Simply, the number of mega-pixels signifies the total number of pixels the camera can reproduce. For instance, a 6MP camera will produce an image that is basically 2000 x 3000 pixels in size. The number of pixels essentially determines the size of the image, and thus how big you can print from it.
You should be able to get good prints at A4 from a 4-6MP camera.
To significantly increase the size of the image, however, you need to double the number of mega-pixels, so an 8MP image is not going to be that much larger than a 6MP image, as the increase will only be a couple of hundred pixels each side.

The important thing to remember is that image quality is not determined by the number of mega-pixels, but by the physical size of the sensor.
Quite simply, the bigger the sensor size, the better the quality.
Most DSLRs have much larger sensors than compact digital cameras. In fact, the sensor in most compact cameras is about 1/5 of the size of the sensors in DSLRs.
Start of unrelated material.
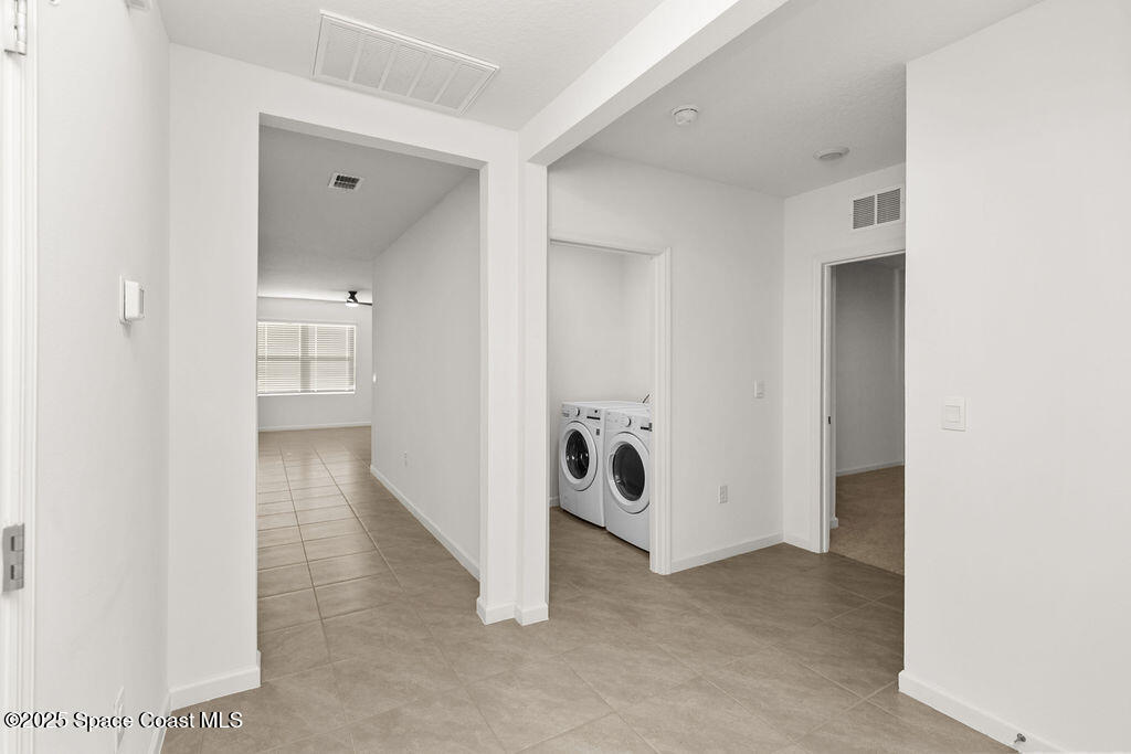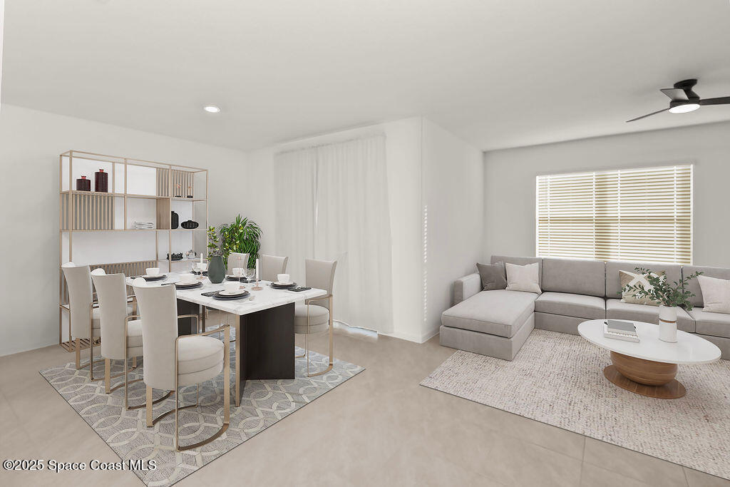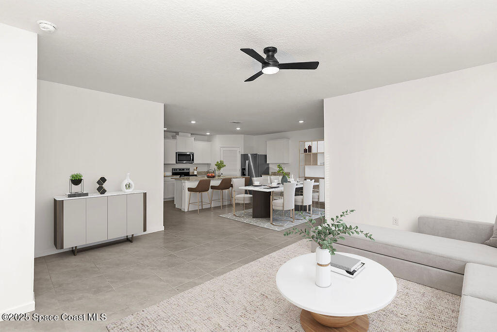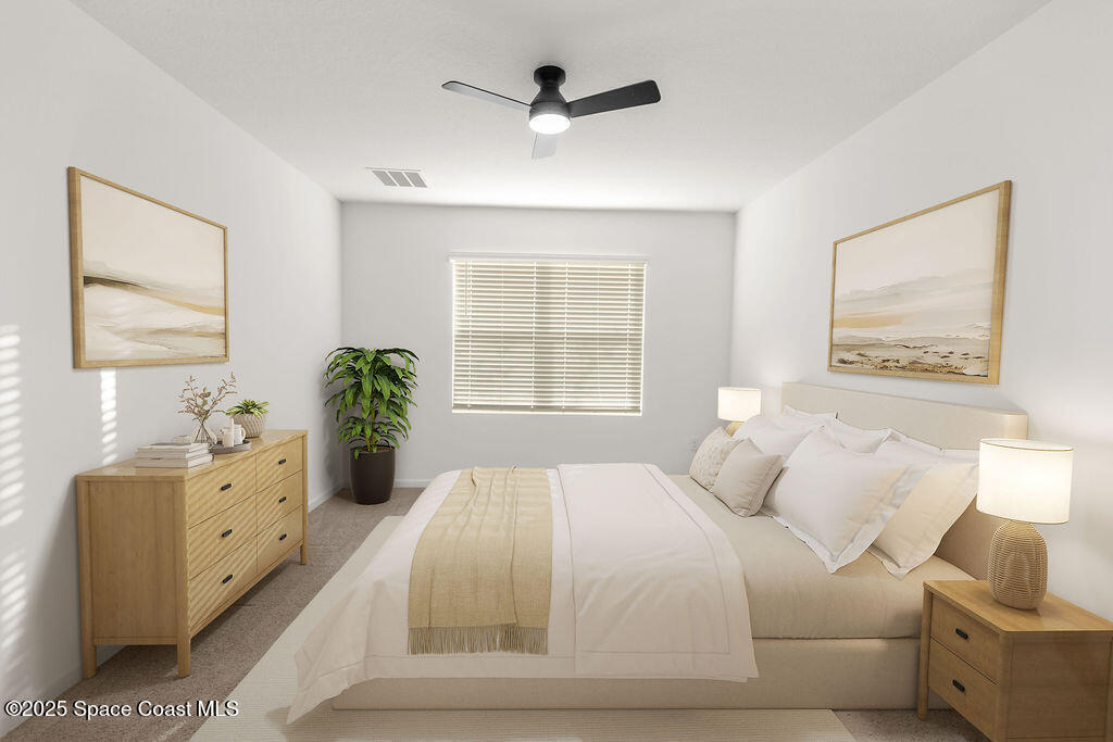 Florida living is encapsulated in this 4 bed, 2 bath single story home that boasts an open concept floor plan, convenience in location, & community. Upon entering the home off of the primary hallway you'll find two sizable bedrooms w/ample storage sharing the use of a full bath. An additional bedroom and laundry room can be found before entering the heart of the home which is a sprawling space that contains the kitchen, complete w/ white shaker style cabinetry, granite countertops, stainless steel appliances, anchored by a large center island. The prep space blends w/ ease into the dining room & off onto the living room making this grand area ideal for entertaining & gathering. The owner's suite is located off the living area w/split floor plan & privacy from the remainder of the home. A walk-in closet, dual sink vanity, & a spacious shower make this a perfect retreat. The home is situated on a level lot w/a charming covered patio overlooking the yard. Close to major routes & beaches

If, for example, you take a compact with 6MP and a DSLR with 6MP, the DSLR picture will be better quality, as the sensor is bigger. In the compact camera with a smaller sensor size, the 6 million pixels (6MP) are being crammed into a smaller space, which means they cannot collect as much information, which results in more 'noise' or grainier images. A good analogy of this is if you were to put 20 buckets into an area the size of your living room to catch water, and then tried to put 20 buckets into an area the size of your toilet to do the same. Obviously, to get 20 in there, the buckets have to be smaller, and therefore cannot hold as much water. So too, the smaller sized pixels in compact cameras cannot hold as much colour information.

So, when looking at buying a digital camera, and you want good quality shots, remember to look at the sensor size (dimensions) and not just at the MP number.